Sergio pulled out his red pen and marked on a notepad “if I only knew where to look.” His father continued to use the phrase. Ruminating thoughts that circled and went nowhere, wrote Sergio in the margin. He wondered if he were guilty of this.

The passages in the journal went on for pages, and he continued to study late into the night. Sergio could feel his eyelids begin to drop. He yawned and looked back down at the pages. The writing was beginning to get harder to read, getting caught up in a sleepy blur.

***

Sergio lifted his eyes from the faded ink. Something fell in the kitchen.

“Hello?” Sergio called out. He closed the book, being careful with the spine, and making sure none of the pages crinkled or folded. As the kitchen light turned on, he swept his eyes across the room.
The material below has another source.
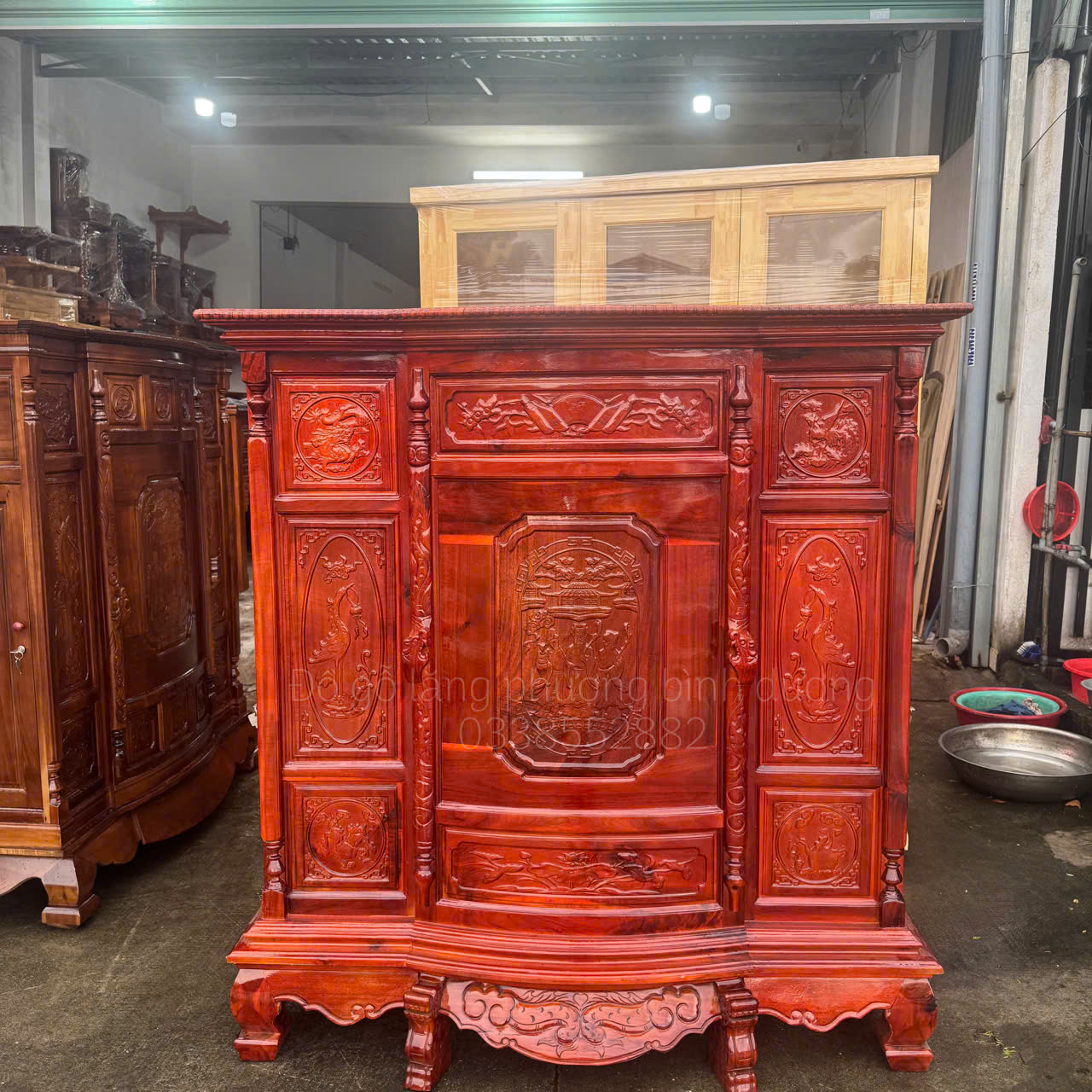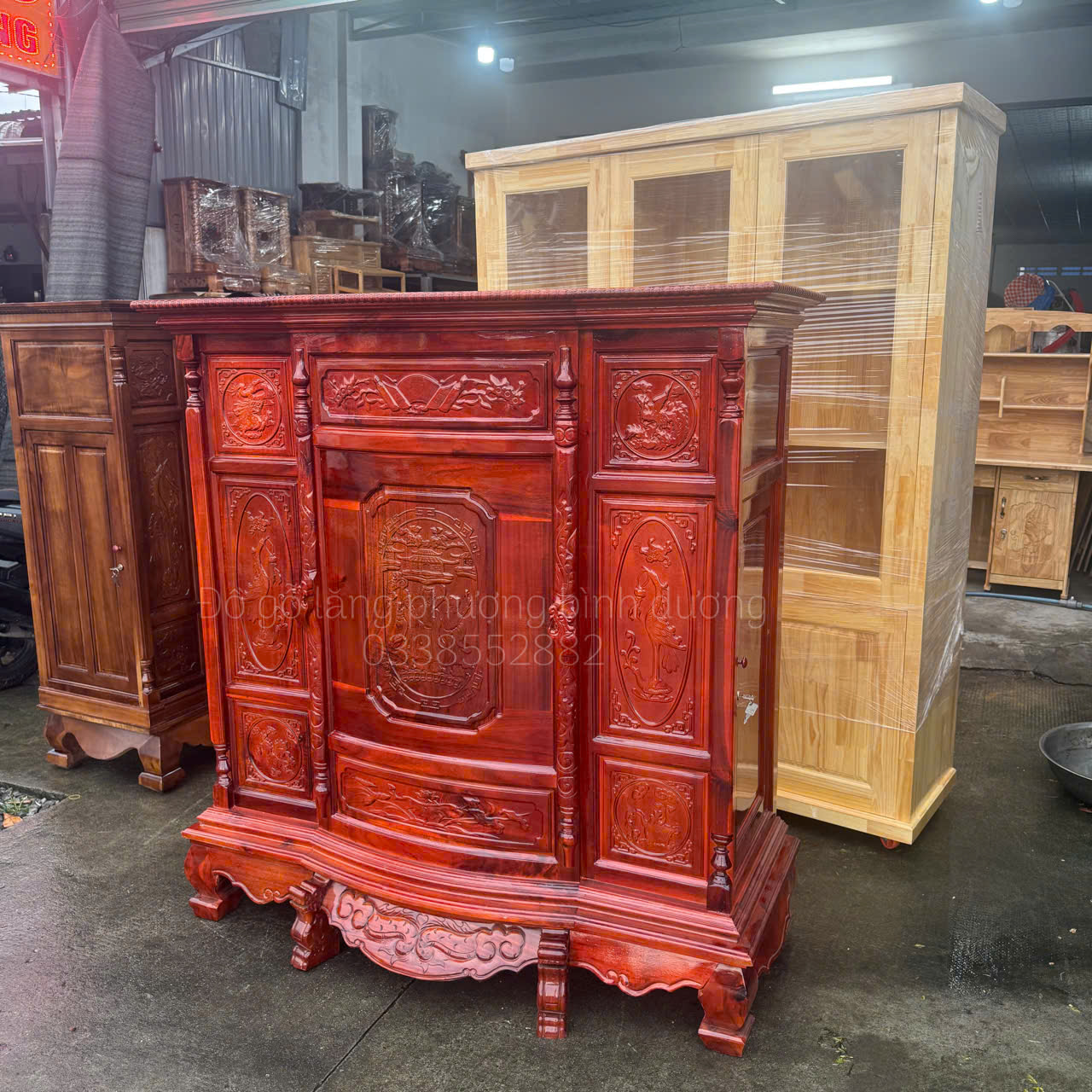 Kích thước Tủ Thờ Gỗ Tràm Bông Vàng 6 Chân

Nothing was misplaced in the kitchen, but the side door leading to the front yard was open a few inches.

Outside the home, night had come. He wondered how long he had been reading the journal. The kitchen tile was chilly underneath his bare feet. The door handle was locked, but the door was not closed all the way. Sergio opened his mouth in a wide yawn and pushed the door closed.

A voice spoke from the darkness behind him. “Where is the page of Noctilucent?” The sound was like that of a house settling and letting out a mournful moan, but given words to speak.

The lock resisted opening again. Sergio wrenched at the doorknob refusing to look over his shoulder. The windows on the door rattled, and Sergio looked over his shoulder. The kitchen remained empty. The door lock gave way and Sergio burst from the house trying to scream, but finding no air to breath.

“Where is the page of Noctilucent?” The voice was sharper and seemed closer. Sergio ran for the edge of the yard where the trees would better hide him from his pursuers.

Before he could reach the edge of the yard, a figure stepped from behind the trees. In horror Sergio realized the person was a skeleton, which lunged forward and grasped his neck in the bony fingers.

“The page!” growled the skeleton.

Sergio screamed.

Sergio woke, the journal crashing to the floor. The cold dampness of his sweat caused goose-bumps to form along his arms. He forced himself up, to move and make it to the bedroom. He flopped onto the covers of the bed and pulled them on top of him without bothering to crawl inside. He pulled the top sheet over his head, and refused to cry. Why did it have to be skeletons?

Without peeking from under his covers, he reached out and found the pills on the bedside table.